WHAT YOU SHOULD DO: Reproduce the lines below verbatim. Pictures are to be omitted.

PROVIDED MATERIAL:
▽

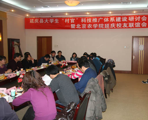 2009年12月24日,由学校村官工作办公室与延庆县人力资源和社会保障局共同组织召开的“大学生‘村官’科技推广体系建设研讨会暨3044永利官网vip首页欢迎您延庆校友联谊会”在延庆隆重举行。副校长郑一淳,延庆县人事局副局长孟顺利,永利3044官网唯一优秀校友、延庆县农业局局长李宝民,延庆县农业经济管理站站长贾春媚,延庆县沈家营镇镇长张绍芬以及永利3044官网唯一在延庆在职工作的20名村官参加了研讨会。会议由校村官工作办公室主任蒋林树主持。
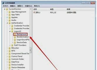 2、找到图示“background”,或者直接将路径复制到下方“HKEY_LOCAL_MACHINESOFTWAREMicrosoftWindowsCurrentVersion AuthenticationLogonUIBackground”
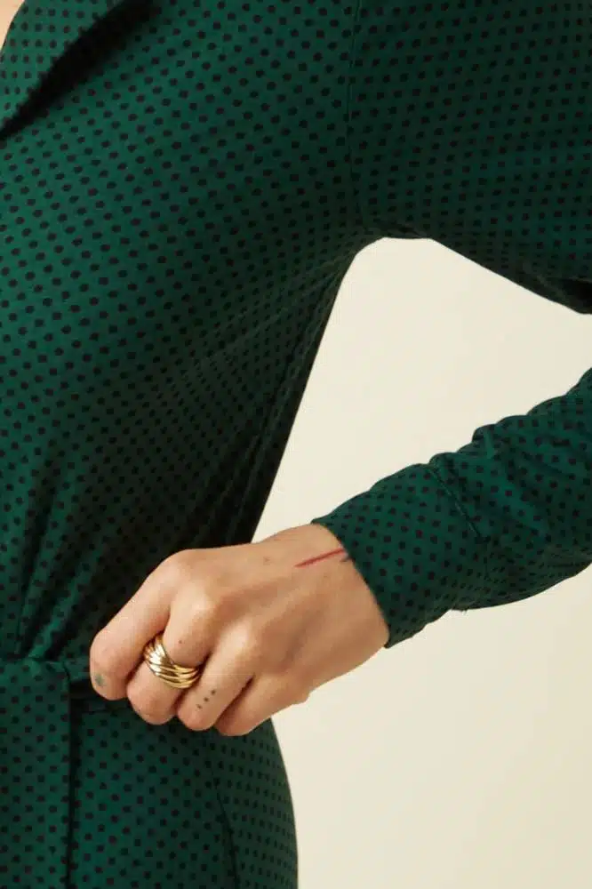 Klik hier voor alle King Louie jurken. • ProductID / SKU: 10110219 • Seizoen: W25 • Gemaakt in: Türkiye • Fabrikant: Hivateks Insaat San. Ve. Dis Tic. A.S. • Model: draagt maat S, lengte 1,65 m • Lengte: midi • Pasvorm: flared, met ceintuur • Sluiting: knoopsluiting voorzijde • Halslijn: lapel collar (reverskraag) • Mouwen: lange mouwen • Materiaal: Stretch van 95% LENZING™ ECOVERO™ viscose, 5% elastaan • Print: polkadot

△

PROBLEM SOLUTION:
 2009年12月24日,由学校村官工作办公室与延庆县人力资源和社会保障局共同组织召开的“大学生‘村官’科技推广体系建设研讨会暨3044永利官网vip首页欢迎您延庆校友联谊会”在延庆隆重举行。副校长郑一淳,延庆县人事局副局长孟顺利,永利3044官网唯一优秀校友、延庆县农业局局长李宝民,延庆县农业经济管理站站长贾春媚,延庆县沈家营镇镇长张绍芬以及永利3044官网唯一在延庆在职工作的20名村官参加了研讨会。会议由校村官工作办公室主任蒋林树主持。
 2、找到图示“background”,或者直接将路径复制到下方“HKEY_LOCAL_MACHINESOFTWAREMicrosoftWindowsCurrentVersion AuthenticationLogonUIBackground”
 Klik hier voor alle King Louie jurken. • ProductID / SKU: 10110219 • Seizoen: W25 • Gemaakt in: Türkiye • Fabrikant: Hivateks Insaat San. Ve. Dis Tic. A.S. • Model: draagt maat S, lengte 1,65 m • Lengte: midi • Pasvorm: flared, met ceintuur • Sluiting: knoopsluiting voorzijde • Halslijn: lapel collar (reverskraag) • Mouwen: lange mouwen • Materiaal: Stretch van 95% LENZING™ ECOVERO™ viscose, 5% elastaan • Print: polkadot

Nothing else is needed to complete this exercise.